Contact steam enthusiast Bert Michel at R.R. 1, 590 Black Bay Road, Petawawa, ONT Canada K8H 2W8.

The Waterloo Standard 18 Horsepower Traction Engine

Built to conform with the rigid Government Specifications of all the Provinces of Canada.
Governmental Steam Allowance, 175 Pounds

• Boiler barrel – 30 inches in diameter, 5/16-inch in thickness
• Longitudinal seam – triple riveted lap
• Firebox – length 38 inches, width 26-1/4 inches, depth 36 inches
• Grate area – 6.85 square feet
• Stay bolts – 7/8-inch diameter
• Tubes – 41 in number, 2 inches in diameter, 84 inches long
• Heating surface – 187 square feet
• Working pressure – 170 pounds per square inch
• Cylinder – 8-1/2 inches in diameter, stroke 10 inches
• Crankshaft – 2-7/8 inches in diameter
• Flywheel – 40 inches in diameter, 11-inch face
• Revolutions – 230 per minute
• Front wheels – 44 inches in diameter, 10 inches wide
• Rear wheels – 66 inches in diameter, 16 inches wide
• Traction speed – 2.75 MPH
• Shipping weight – 17,000 pounds

Standard Equipment
Jacket on barrel and wagon top, platform fitted with steel water tank, wooden supply and toolbox and patent coupler, Ham headlight, oil pump, lubricator, two Penberthy injectors, pop safety valve, steam gauge, whistle Gardner wide-range governor, blower cock, water gauge, all necessary cocks, valves, oilers, injectors hose, oil can wrenches, flue cleaner, poker and scraper.
(The) 16 HP tractions are built according to above specifications excepting tubes are 70 inches long, cylinder 8 inches in diameter, rear wheels 60 inches in diameter. 
–  From a 1916 Ontario Catalogue of High-Class Waterloo Threshing Machinery catalog.

Waterloo Portable Engines

Waterloo portable engines are regularly built in 12, 14 and 16 HP sizes. Larger portable engine are only built to special order. These engines are especially adapted for running portable sawmills, ordinary sized threshing outfits or for any other farm use. The material used in the construction of them is of the same high standard as used in our traction engines, and in the mechanical construction they are given the same attention and are in every detail as well built as any of our tractions.
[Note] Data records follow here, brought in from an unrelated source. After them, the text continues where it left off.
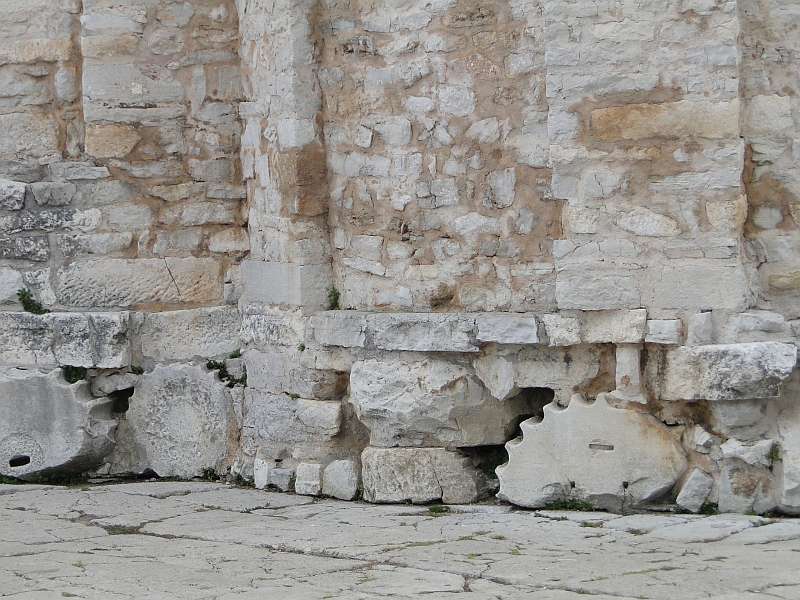 Das zertrümmerte Zadar wurde also unter den Vorzeichen des „blockfreien“ jugoslawischen Sozialismus besonderer Art wieder aufgebaut. Wer heute die Stadt durchstreift, wird der Rettung bzw. Rekonstruktion zahlreicher Baudenkmäler nicht den Respekt versagen können. Da ist etwa die schwerlich ohne Ehrfurcht zu betrachtende Donatus-Kirche, einer der ältesten erhaltenen christlichen Sakralbauten in Europa. Sie wurde in der ersten Hälfte des 9. Jahrhunderts auf dem ehemals römischen Forum der Stadt errichtet. Dabei fanden auch dort vorgefundene Teile noch weit älterer Bauten Verwendung, Spolien, wie die Architekturgeschichte sie nennt. Im Fundament der Donatus-Kirche sind die römischen Säulenfragmente unschwer erkennbar.
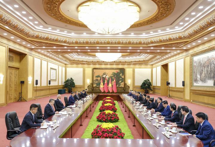 习近平指出,坚持共产党领导和社会主义制度是中越两国最本质的特征,也是发展中越关系最坚实的政治基础。中方将越南视为周边外交的优先方向,愿同越方一道,在深化高水平互利合作上走在前列,在维护国际公平正义上走在前列,在推动人类进步事业上走在前列,携手构建具有战略意义的中越命运共同体。
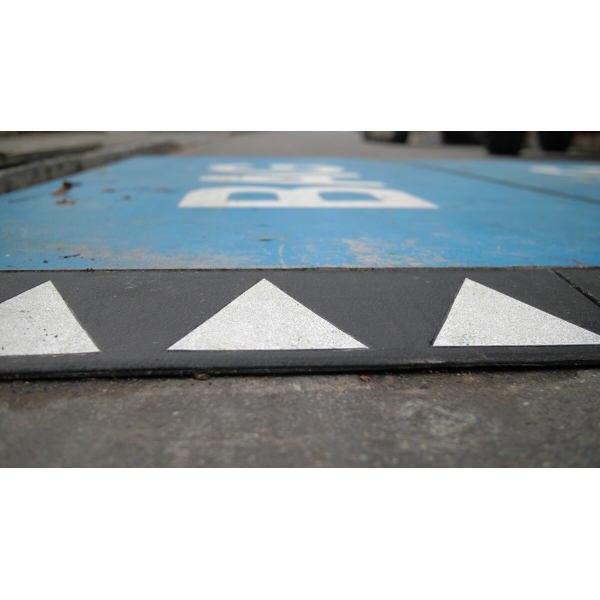 Nájazdová rampa je vyrobená zo špeciálne navrhnutej recyklovanej gumy a je tak vysoko odolná proti ťahu a kompresii. Výrazne znižuje hluk spôsobený nárazom oceľových dosiek na povrch vozovky. Uplatnenie nájde najmä v obytných zónach. Povrch materiálu je vodoodpudivý s protišmykový. Odoláva najvyššiemu zaťaženiu a minimalizuje dopady na podvozky vozidiel na rozdiel od bežných oceľových dosiek spôsobujúcich silné nárazy.
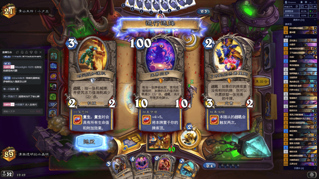 5、铜须、星空投影师、血望者和血誓并不一定要硬等组件,当打出卡牌对于节奏的帮助很大,直接打不要犹豫,这套卡组不缺斩杀手段,不要被公式固定住。
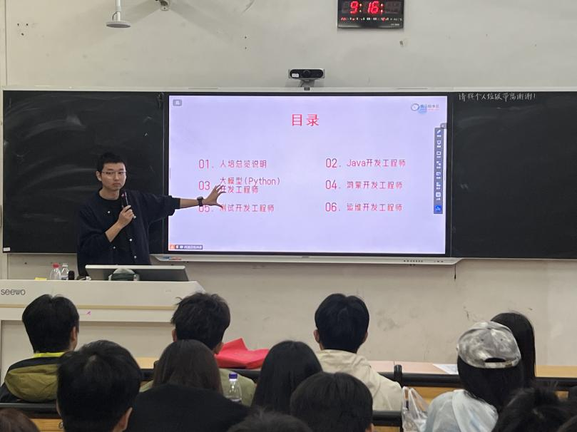 在Java 开发方向,何老师介绍了从 Java 面向对象编程、主流开发框架,到数据库技术、微服务架构,再到 Linux 运维的完整学习链路;针对当下热门的大模型开发领域,他分享了优秀学员斩获 30k 高薪 offer 的喜讯,同时讲解了 Python 开发、大数据处理、大模型原理与微调等核心技能要求,还展示了资产驾驶舱、智慧城市等大模型项目成品;对于前端、鸿蒙、测试、运维等方向,何老师也分别梳理了各岗位的职责范畴、核心技术栈与学习路线,并结合实际工作环境与项目案例,让同学们对不同岗位的工作模式有了直观认知。
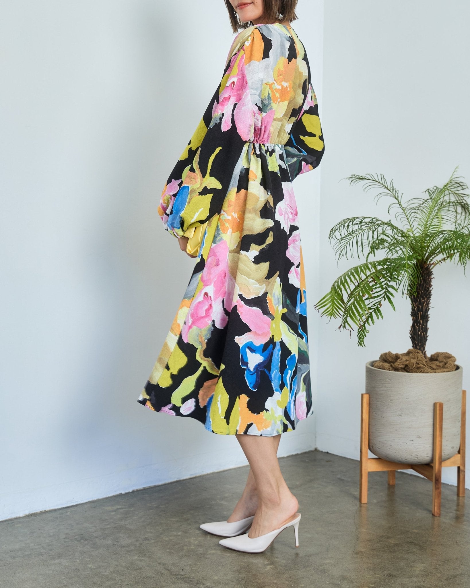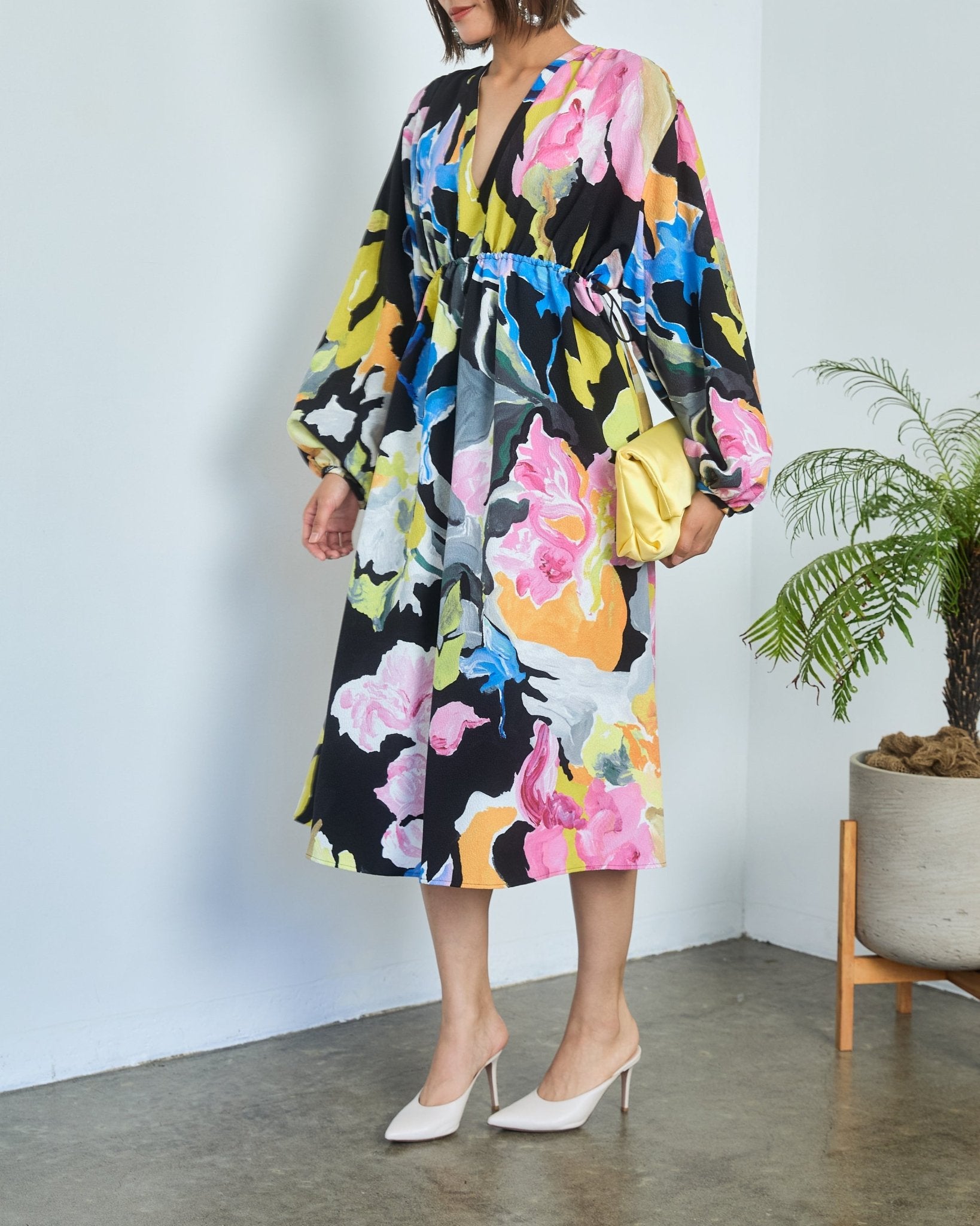 フローラルペイント クレープドレス(S~XL相当)
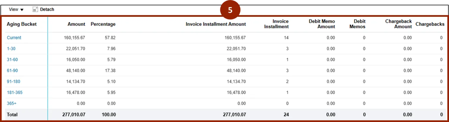Step 5. The options selected will be applied to the Aging Bucket table and you will be able to see information such as Invoice Installment Amount, Invoice Installment number, and Debit Memo Amount for each aging bucket.

In design and finish they are excelled by none. For power and durability they surpass all rivalry. They are very economical on fuel and water, built for burning wood or coal. They do not require an expert to operate. They are sufficiently light so as to be easily handled by a team of horses and are particularly adapted for rough country. For winter transportation they are easily mounted on sleighs; rear axle hub castings which bolt to the runners can be supplied for the purpose if desired.

They are fitted out with the best accessory parts such as governor, lubricator, steam gauge, two injectors, a perfectly balanced disc, etc. They are carefully worked out in every detail, with the idea of making a simple, plain and serviceable engine that with proper care should give years of service without expense.
 – From a 1916 Ontario Catalogue of High-Class Waterloo Threshing Machinery catalog.